For the first time, students aged 18 to 20 are the largest share of first-time associate degree earners. The driving factors are a combination of dual enrollment expansions that allow high school students to earn college credits, while also more graduates bypassing traditional four-year colleges in favor of faster, cheaper credentials.
This comes from the latest data from the National Student Clearinghouse, which tracks college enrollment.
By The Numbers
- 3.4 million undergraduate credentials awarded in 2024-25, up 3.2% year over year, according to the National Student Clearinghouse Research Center (NSCRC).
- 865,400 associate degrees (+2.6%) and 579,400 undergraduate certificates (+3.2%, a decade high).
- 32.6% of first-time associate degree earners were 18 to 20 years old, surpassing the 21-to-24 age group for the first time.
- Nearly 50% increase over the past decade in 18-to-20-year-olds receiving associate degrees.
- Community college enrollment rose 3% last fall, compared with 1.4% at public four-year schools. Private nonprofit four-year enrollment fell 1.6%.
What’s Driving It: Cost is the most obvious factor. Average tuition and fees at two-year public schools came in at $4,150 for 2025-26, versus $11,950 at four-year public in-state institutions and $45,000 at four-year private colleges, according to the College Board.

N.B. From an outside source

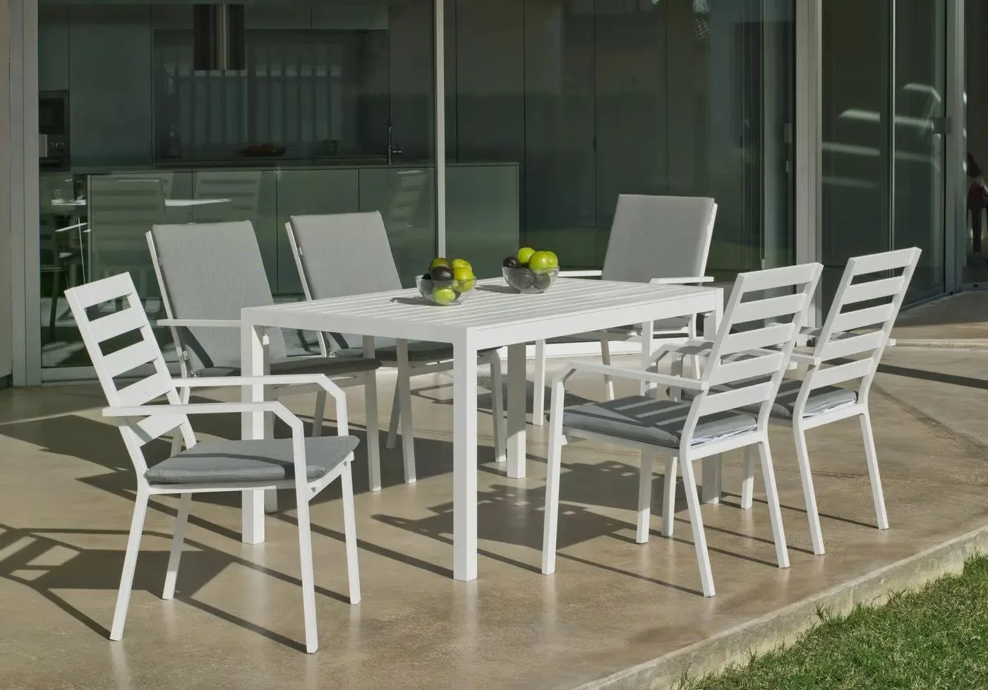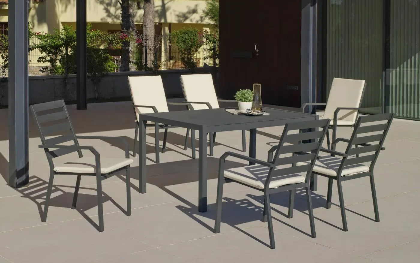 Su limpio y original diseño, otorgan a este conjunto de exterior modernidad y elegancia. Especialmente diseñado para soportar las condiciones adversas como el sol y la lluvia, así como los rigores del uso diario. Fabricamos las estructuras en tres colores distintos; champagne, blanco y gris antracita.

Borrowing changes are reshaping decisions, too. President Trump’s One Big Beautiful Bill Act introduced new federal student loan borrowing limits set to take effect in 2026, pushing more families to consider student loan debt loads against expected earnings.
The same legislation expanded Pell Grant eligibility to students enrolling in workforce training programs at community colleges. This money was previously reserved for degree-seeking undergraduates, and is now expanding to workforce programs in later 2026. So while this doesn’t impact the data looking backward, it will likely accelerate the trend moving forward.
Transfer Caveat: Community college is often pitched as a low-cost way to start the process to a bachelor’s degree. However, only about one-third of students who start at a community college eventually transfer to a four-year school, according to long-term studies. Students who finish an associate degree before transferring tend to have some of the highest bachelor’s level graduation rates.
Some states are now offering bachelor’s degrees at community college as well.
How This Connects: Community college economics keep getting more attractive as four-year sticker prices climb and federal borrowing limits tighten.
With Workforce Pell starting this summer and certificate completions hitting a decade high, families weighing the return on a four-year degree have more credible alternatives than they did even a few years ago. The College Investor has tracked how rising tuition, shifting Pell rules, and new loan caps have reshaped the math on whether (and where) to borrow for college.